The median age in the village was 46 years. 22.3% of residents were under the age of 18; 3.5% were between the ages of 18 and 24; 21% were from 25 to 44; 25.2% were from 45 to 64; and 27.7% were 65 years of age or older. The gender makeup of the village was 49.4% male and 50.6% female.

===2000 census===
As of the census of 2000, there were 177 people, 81 households, and 48 families residing in the village. The population density was 1,050.7 PD/sqmi. There were 90 housing units at an average density of 534.3 /sqmi. The racial makeup of the village was 100% White.

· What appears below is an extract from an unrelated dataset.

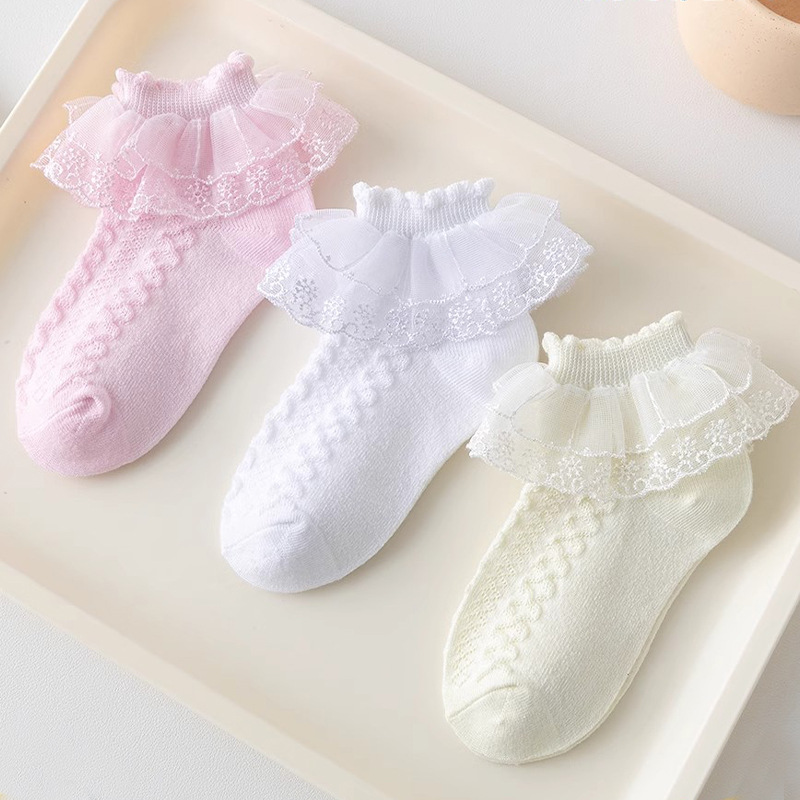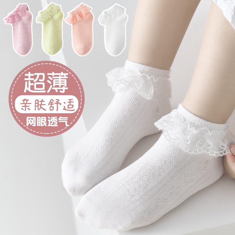 [신규] 여자 양말 새로운 아기 큰 어린이 여름 얇은 달콤한 메쉬 공주 레이스 양말

There were 81 households, out of which 23.5% had children under the age of 18 living with them, 55.6% were married couples living together, 3.7% had a female householder with no husband present, and 40.7% were non-families. 40.7% of all households were made up of individuals, and 25.9% had someone living alone who was 65 years of age or older. The average household size was 2.19 and the average family size was 2.98.

In the village, the population was spread out, with 24.3% under the age of 18, 3.4% from 18 to 24, 19.8% from 25 to 44, 24.9% from 45 to 64, and 27.7% who were 65 years of age or older. The median age was 47 years. For every 100 females, there were 75.2 males. For every 100 females age 18 and over, there were 74.0 males.

As of 2000 the median income for a household in the village was $23,333, and the median income for a family was $33,750. Males had a median income of $22,386 versus $19,167 for females. The per capita income for the village was $15,843. About 8.3% of families and 11.3% of the population were below the poverty line, including none of those under the age of eighteen and 16.4% of those 65 or over.